Clustering OpenSIPS for High Availability – Part 3

Like Share LinkedIn Tweet

In this, part 3, we examine how a virtual IP address can be switched between two Linux servers to provide an active/standby failover and how this impacts on OpenSIPS.

Part 2 investigated the implications for far-end NAT traversal of clustering two OpenSIPS servers and concluded that the best solution is the use of a virtual IP address.

Summarising the design so far

If you read the first two parts of this article, you will appreciate how and why we reached the decision to cluster two OpenSIPS servers in an active/standby mode using a shared database server and a so-called Virtual IP address as the primary contact address for the cluster.

Our cluster design now looks like this: Two almost identical servers, both configured to run OpenSIPS and both accessing the same shared database for storage of the location table and other key data. Each server has two network interfaces – one connecting it to the Internet and the other connecting it to a LAN where the database server resides. At the Internet interface, each server has its own unique IP address (the real address) and, at any given time, either one of the two servers may also hold the virtual IP address.

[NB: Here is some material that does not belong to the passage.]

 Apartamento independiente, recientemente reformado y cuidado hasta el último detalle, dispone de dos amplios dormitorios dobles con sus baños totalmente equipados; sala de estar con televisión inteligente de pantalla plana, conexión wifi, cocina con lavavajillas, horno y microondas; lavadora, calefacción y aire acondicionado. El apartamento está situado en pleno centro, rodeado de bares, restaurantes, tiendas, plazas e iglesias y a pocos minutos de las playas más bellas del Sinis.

The AG-Projects’ mediaproxy application is also running on one or more servers, although there is some element of choice regarding the exact configuration so they are not shown in the diagram above.

Putting it into practice

Note that you need three static IP addresses for the two servers in the cluster – 2 real and 1 virtual. All three Internet IP addresses have to be in the same subnet and use the same default gateway for routing. I wrote some bash scripts that allowed each node in my 2-node cluster to monitor the other as well as their own connectivity to the Internet. The scripts had logic to decide which should be allocated the VIP and to assign it accordingly. There is no magic here, the commands to enable or disable the virtual IP address on one of the servers are remarkably simple:

ifconfig eth1:1 <VIP> up
ifconfig eth1:1 down

However, make sure you never enable the VIP on both servers at the same time.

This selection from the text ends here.